Desde que as farmacêuticas divulgaram esse e outros números, em novembro, o debate sobre a compra desta vacina se acirrou. Isso porque o imunizante da Pfizer precisa ser mantido a -75° C, embora a empresa tenha divulgado que poderia vender junto com a vacina uma caixa térmica especial com gelo seco, onde as doses poderiam ficar por até 15 dias – teoricamente, o suficiente até chegarem a locais de vacinação e serem aplicadas. A segunda vacina com resultados de fase 3 a ser aprovada por agências reguladoras, da farmacêutica Moderna, também exige temperaturas baixas, de -20° C.

Consultada pela Poli, a Associação Brasileira de Refrigeração, Ar-Condicionado, Ventilação e Aquecimento (Abrava) afirmou que a indústria brasileira tem capacidade de fabricar câmaras frigoríficas, caminhões com baús frigorificados e congeladores de ultra baixa temperatura e até projetou um prazo que varia de 30 a 90 dias, dependendo da quantidade de projetos. “Por não ser uma aplicação comum, não há muita experiência na sua fabricação, montagem e operação. A tecnologia é conhecida, mas os detalhes vão exigir um aprendizado”, reconheceu a Abrava.

A entidade diz representar praticamente toda a cadeia de frio para o armazenamento de vacinas, mas não tem estimativa de quantas empresas atuam na área ou quantas fábricas existem no país. “Entram diversas empresas fabricantes de diferentes tipos de equipamentos de refrigeração, que por sua vez são montados com uma infinidade de componentes, fabricados por inúmeras empresas distribuídas pelo Brasil”, explicou a Abrava.

Segundo a entidade, praticamente toda a cadeia de produção foi afetada pela alta do dólar, já que as empresas dependem de componentes e matérias-primas importadas. No caso de algumas companhias, a variação cambial representou um aumento de 32% no custo de produção. A Abrava projeta para 2021 um cenário positivo, na medida em que “os planos saiam do papel”. Mas, apesar disso, não soube dizer que políticas públicas seriam necessárias para incentivar o setor.

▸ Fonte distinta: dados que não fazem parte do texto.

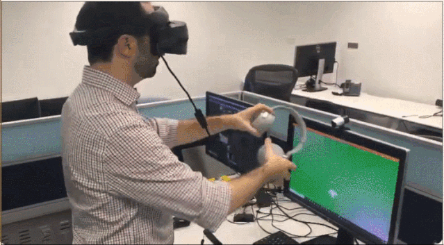 对于远程工作者来说,他的手臂及手势动作会被VR设备控制器记录,从而呈现在“化身”身上。
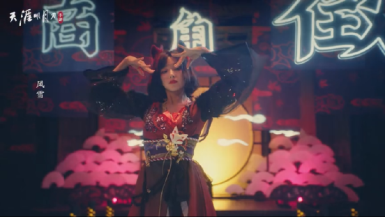 《天涯明月刀手游版》作为一款仙侠游戏,乔振宇和严屹宽两位古装武侠剧出身的演员满足了最基本受众的需求,同时阿朵、薇娅和谢安然覆盖了更多的用户群体。不过,12月买量素材中出现次数最多的代言人其实是程潇。程潇的灵狐舞MV与游戏深度联动,游戏中可以直接领取相关动作,对于程潇粉丝来说这种级别的联动是很难拒绝的。
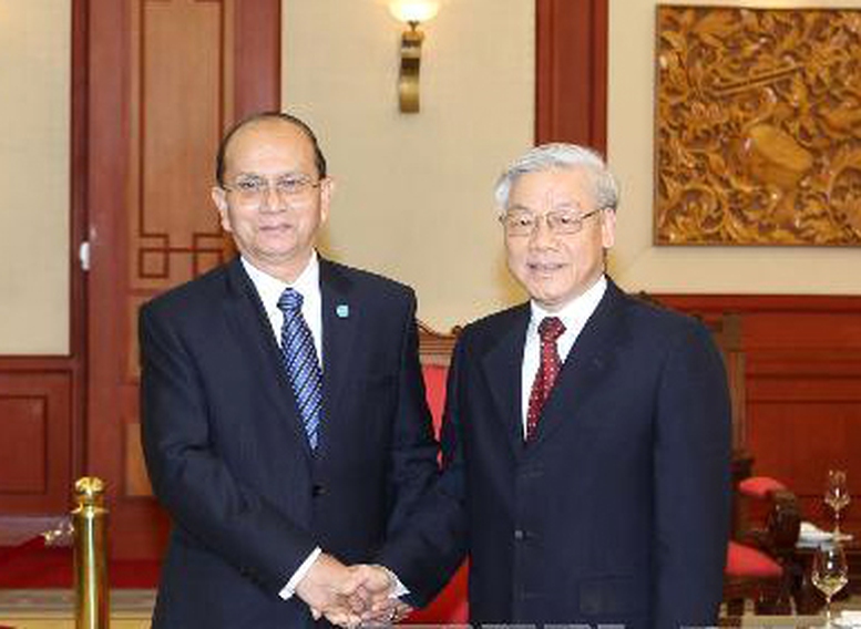 Tổng Bí thư Nguyễn Phú Trọng và Tổng thống Myanmar Thein Sein. - Ảnh: VNA |
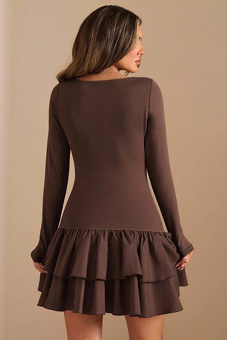 - Haljina ima duge rukave, pripijeni kroj i kratku duljinu.
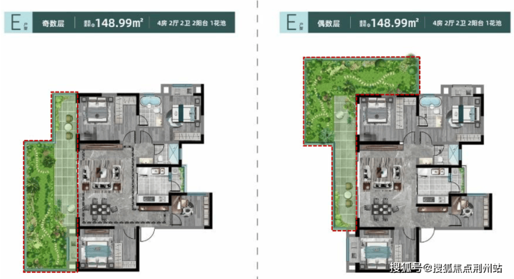 比如建面约148㎡户型和建面约147㎡户型奇偶错层布局,私密独梯入户,尽享归家礼序。户型主卧做了边厅式的设计,奇数层主卧连接超大空中花园。偶数层厨房连接着空中花园,十分便捷。双套房的配置,三代同堂也享有阔绰的空间。

Em meio aos debates sobre escassez de insumos para a campanha nacional de vacinação, havia um produto que saiu incólume das preocupações: o algodão usado para desinfetar o local da injeção. Segundo a Associação Brasileira de Indústria Têxtil e Confecção (Abit), somos o quarto maior produtor dessa commodity no mundo e não há risco de desabastecimento.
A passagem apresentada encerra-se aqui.